> WORK REQUIRED:
Leave out the pictures and restate the rest of the data exactly.

[Opening RAW DATA section]

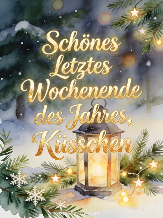 Sende Küsschen letztes Wochenende des Jahres mit eleganter Aquarellschrift, einer warmen Wintergartenlaterne, Tannenbaumzweigen und sternförmigen Schneeflocken. Du kannst auch eine Karte für schönes Wochenende Küsse Bilder, eine Karte für Küsschen schöne Bilder schönes Wochenende oder eine Karte für schönes Wochenende und Küsse Bild teilen.
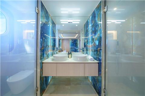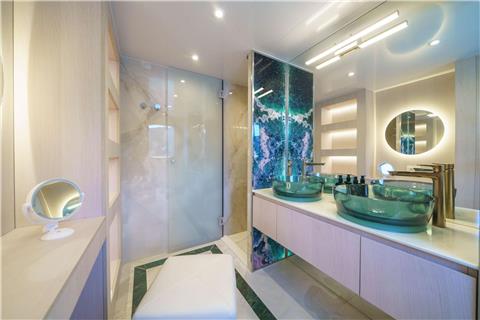 Master Cabin: 34sm2. King bed (2m x 2m). Ensuite features a separate toilet area, walk in shower, double sinks and a makeup table.
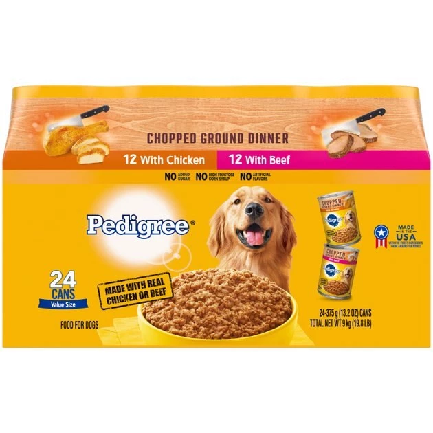 With the Pedigree Chopped Ground Dinner Chicken & Beef Canned Soft Wet Dog Food Variety Pack, you’ll be giving your furbaby su-paw tasty, balanced nutrition with every meal. This delicious food delivers real meat in every bite for tail-wagging good taste. You can use this food as a topper for your best friend’s dry kibble, or feed it as a full meal. Mix up mealtime with this variety pack of flavors to keep your furbaby excited for every meal.
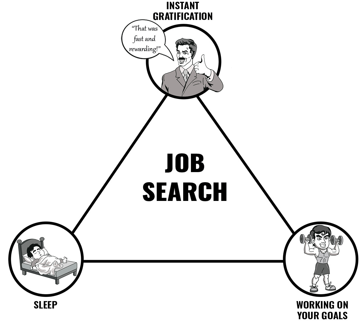 Substitute “job search” for any long-term goal, and you have the modern struggle.
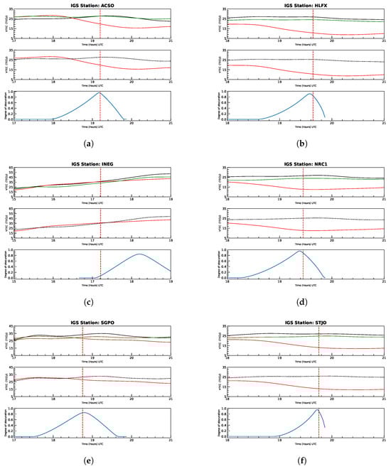Temporal variation in the profile as a function of time (UTC) in hours during the solar eclipse as observed from different GNSS-IGS stations as (a) ACSO, (b) HLFX, (c) INEG, (d) NRC1, (e) SGPO and (f) STJO. The upper panel of each profile illustrates the variation for three consecutive days: the day before the eclipse (black curve), the day of the eclipse (red curve), and the day after the eclipse (green curve). The middle panel shows the mean variations of the two non-eclipse days (black dashed curve) compared to the eclipse day (red curve). The lower panel indicates the degree of obscuration on the eclipse day.
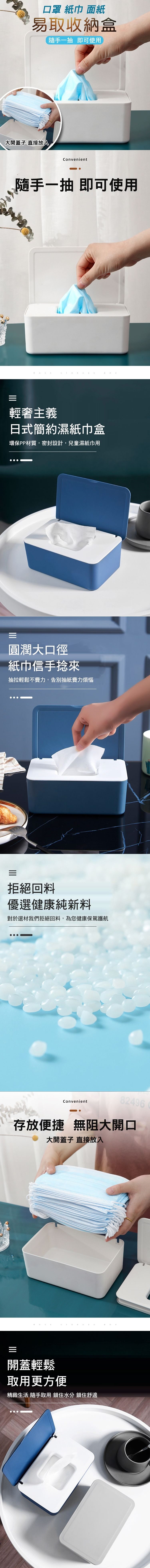 口罩紙巾面紙易取收納盒,一翻即抽,防塵又衛生,加大開口設計,便利好抽取,加密密封條,衛生再加分,日式簡約四色,自由配色,分類好管理,多物運用,衛生紙、濕紙巾、拋棄式手套,皆可衛生收納。
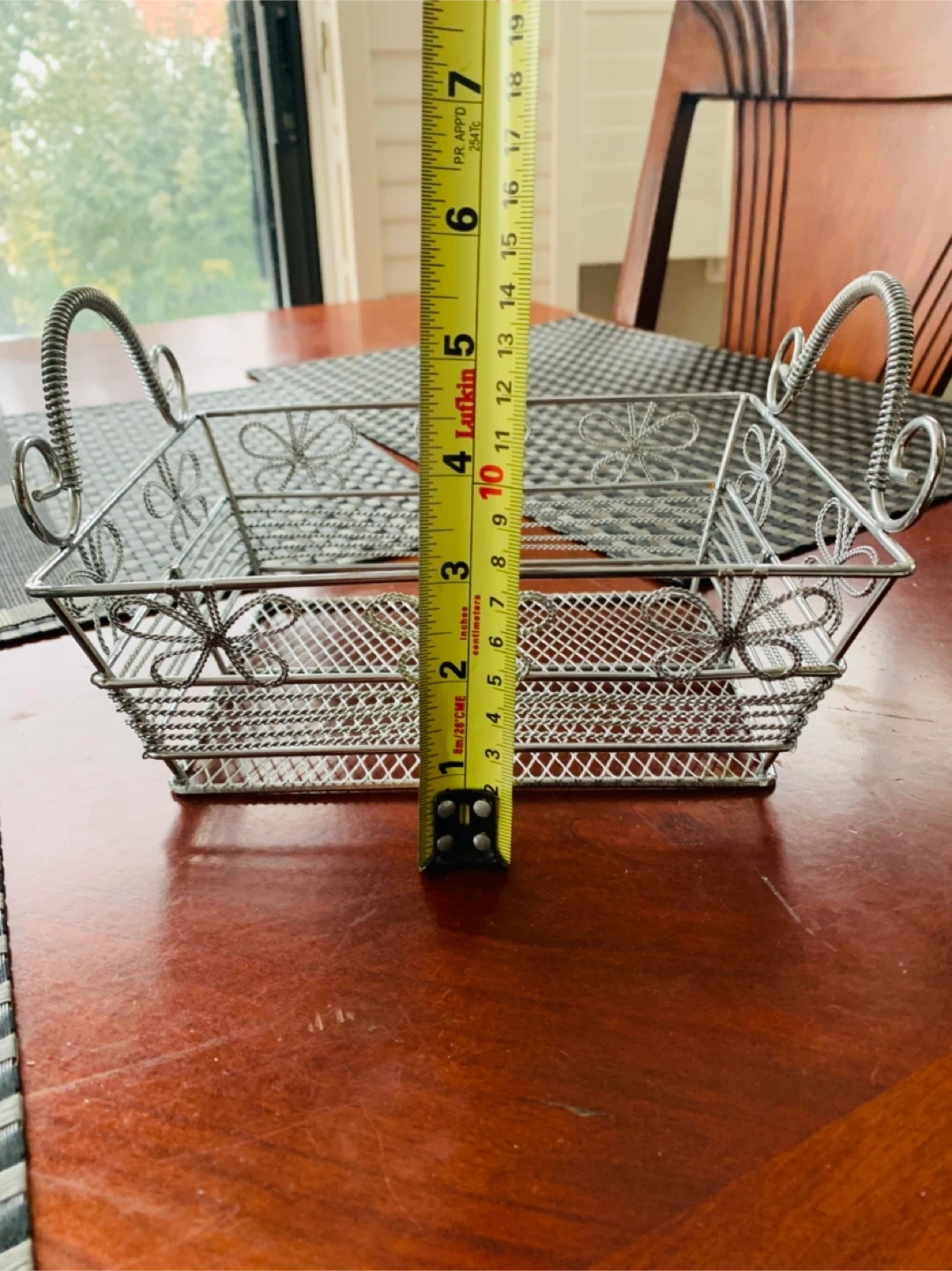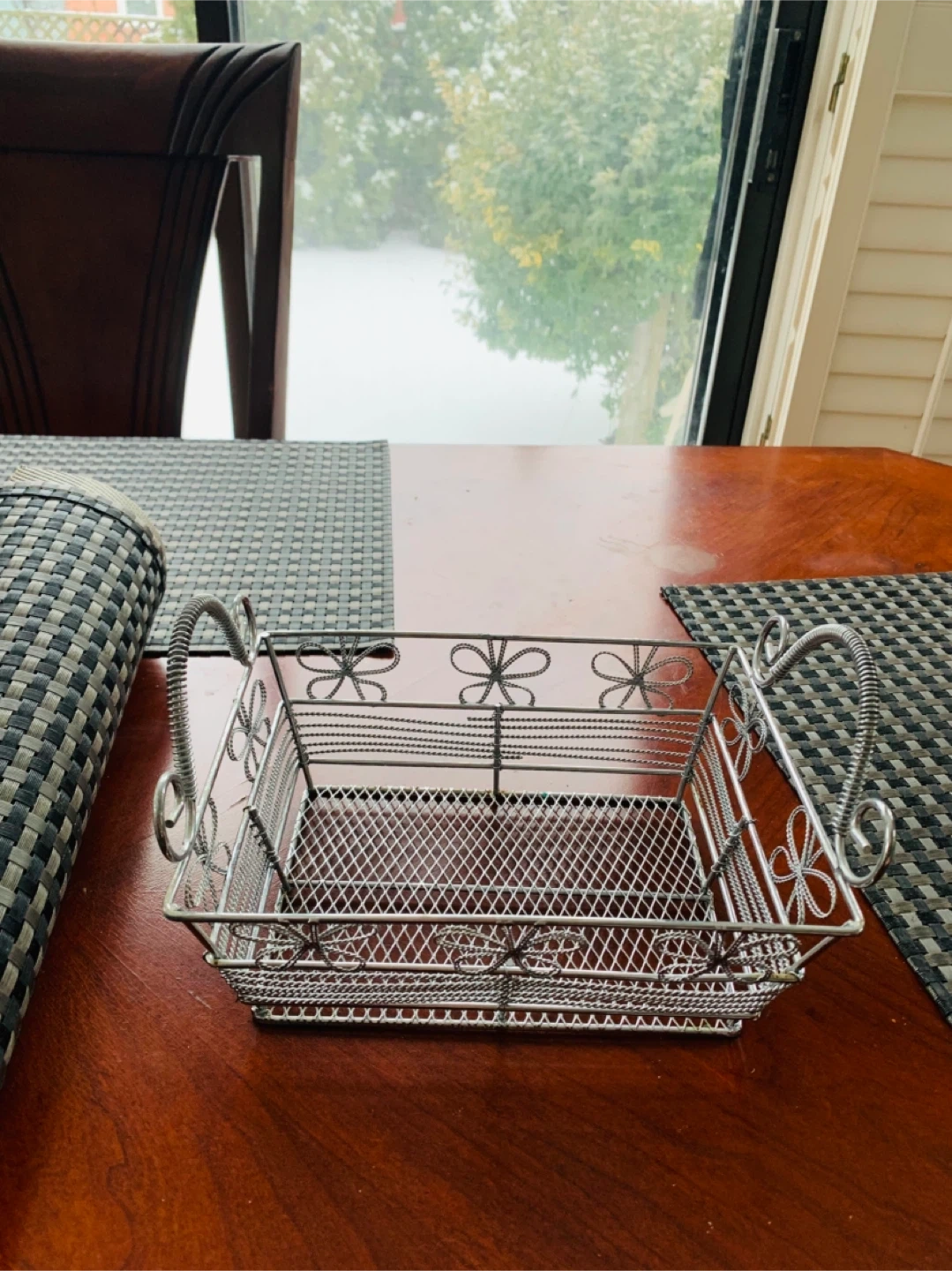 Decorative wired basket very sturdy and has a bit of weight to it. Can be used for many things…was using to keep make-up items. Selling for $5 CAD firm. Smoke Free Home.
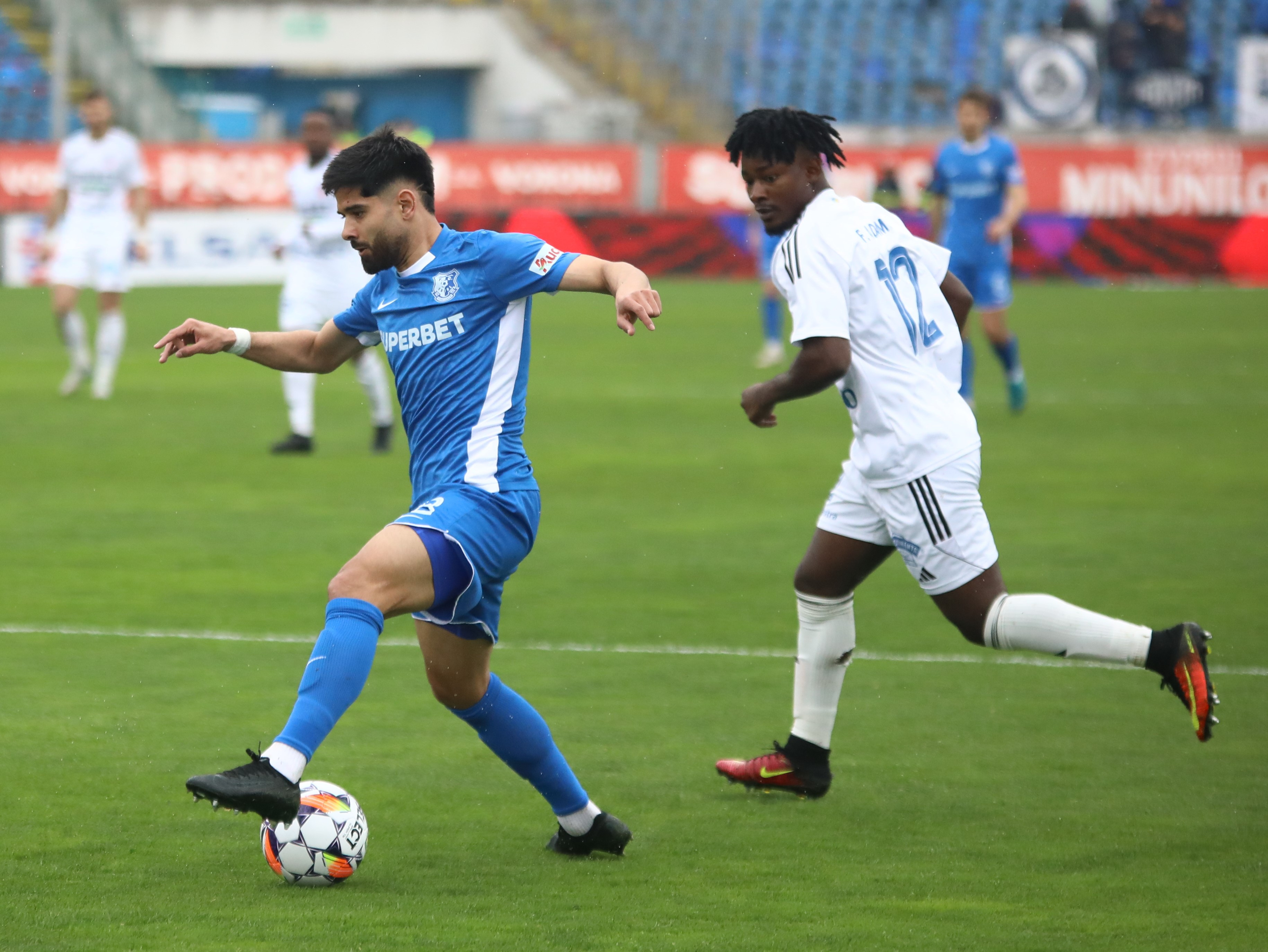 MIN. 38 Ocazie imensă pentru Farul, Luca Banu este singur în careu și dă din prima, dar mult deasupra porții.

[Closing RAW DATA section]

> WRITTEN ANSWER:
 Sende Küsschen letztes Wochenende des Jahres mit eleganter Aquarellschrift, einer warmen Wintergartenlaterne, Tannenbaumzweigen und sternförmigen Schneeflocken. Du kannst auch eine Karte für schönes Wochenende Küsse Bilder, eine Karte für Küsschen schöne Bilder schönes Wochenende oder eine Karte für schönes Wochenende und Küsse Bild teilen.
 Master Cabin: 34sm2. King bed (2m x 2m). Ensuite features a separate toilet area, walk in shower, double sinks and a makeup table.
 With the Pedigree Chopped Ground Dinner Chicken & Beef Canned Soft Wet Dog Food Variety Pack, you’ll be giving your furbaby su-paw tasty, balanced nutrition with every meal. This delicious food delivers real meat in every bite for tail-wagging good taste. You can use this food as a topper for your best friend’s dry kibble, or feed it as a full meal. Mix up mealtime with this variety pack of flavors to keep your furbaby excited for every meal.
 Substitute “job search” for any long-term goal, and you have the modern struggle.
Temporal variation in the profile as a function of time (UTC) in hours during the solar eclipse as observed from different GNSS-IGS stations as (a) ACSO, (b) HLFX, (c) INEG, (d) NRC1, (e) SGPO and (f) STJO. The upper panel of each profile illustrates the variation for three consecutive days: the day before the eclipse (black curve), the day of the eclipse (red curve), and the day after the eclipse (green curve). The middle panel shows the mean variations of the two non-eclipse days (black dashed curve) compared to the eclipse day (red curve). The lower panel indicates the degree of obscuration on the eclipse day.
 口罩紙巾面紙易取收納盒,一翻即抽,防塵又衛生,加大開口設計,便利好抽取,加密密封條,衛生再加分,日式簡約四色,自由配色,分類好管理,多物運用,衛生紙、濕紙巾、拋棄式手套,皆可衛生收納。
 Decorative wired basket very sturdy and has a bit of weight to it. Can be used for many things…was using to keep make-up items. Selling for $5 CAD firm. Smoke Free Home.
 MIN. 38 Ocazie imensă pentru Farul, Luca Banu este singur în careu și dă din prima, dar mult deasupra porții.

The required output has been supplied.